Undercutting Fairness
States and Localities Undermine Tax Progressiveness
by Rodger Doyle
Scientific American, July 2004
For most, the federal income tax probably does not rank as a great achievement of the 20th century. But it is efficient and mostly fair, thanks to its progressive rates. Few realize, however, that state and local taxes are so strongly regressive that they cancel out much of the progressivity of the federal tax. This conclusion comes from the Institute for Taxation and Economic Policy, a Washington, D.C.–based research group. It conducted a state-by-state analysis of the tax burden on families headed by those younger than 65 years of age—namely, their total tax as a percentage of their income. (Elderly families were excluded because state tax systems often treat them differently.) It found that those in the lowest 20 percent income bracket paid at a rate 2.2 times that of the top 1 percent, whereas the middle 20 percent paid at a rate 1.8 greater.

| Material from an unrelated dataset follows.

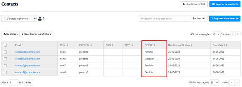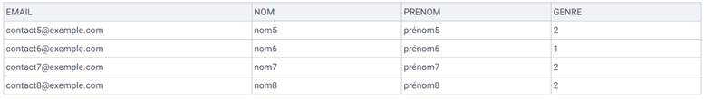 Ainsi, quand nous importerons des fichiers de contacts qui contiendront la colonne GENRE, il nous suffira juste de spécifier les ID 1 ou 2 dans cette colonne pour que les valeurs Masculin ou Féminin s’affichent dans notre liste de contacts importés.

As illustrated on the map, the tax burden for the bottom 20 percent varies widely by state. At one extreme is the state of Washington, where this group pays at a rate 5.7 times that of the top 1 percent. At the other extreme is Delaware, where the tax burden is virtually the same for all income groups. A map for the middle 20 percent income group would display a fairly similar pattern. The type of tax levied explains the differences among the states. Washington, for example, relies primarily on sales and excise taxes, whereas Delaware relies mostly on a progressive income tax. Sales taxes, which are levied on a percentage basis, and excise taxes, which are levied as ?xed fees, take a larger share of income from low- and middle-income families than from the rich and nullify the progressive effect of income taxes.
Most state and local tax systems are archaic and not merely because of regressivity. Property taxes, the dominant source of local income, have traditionally financed schools, a custom that results in inadequate funding in lower-income districts. Most states still rely heavily on local property taxes for schools, but a few, such as New Hampshire and Vermont, have implemented statewide property taxes to raise the equity of school funding.
Most sales taxes were enacted in the 1930s and did not apply to services, which were a relatively small part of consumer spending then. Today services account for 60 percent of spending. Only New Hampshire, Hawaii and South Dakota tax services comprehensively. A broader tax, particularly one that exempted necessities such as utilities, would be less regressive because services are consumed disproportionately by the wealthy. State and local governments are shifting away from progressivity. Their revenues from income taxes fell 10 percent from 2000 to 2003; during the same period, sales taxes rose 6 percent and property taxes, 20 percent.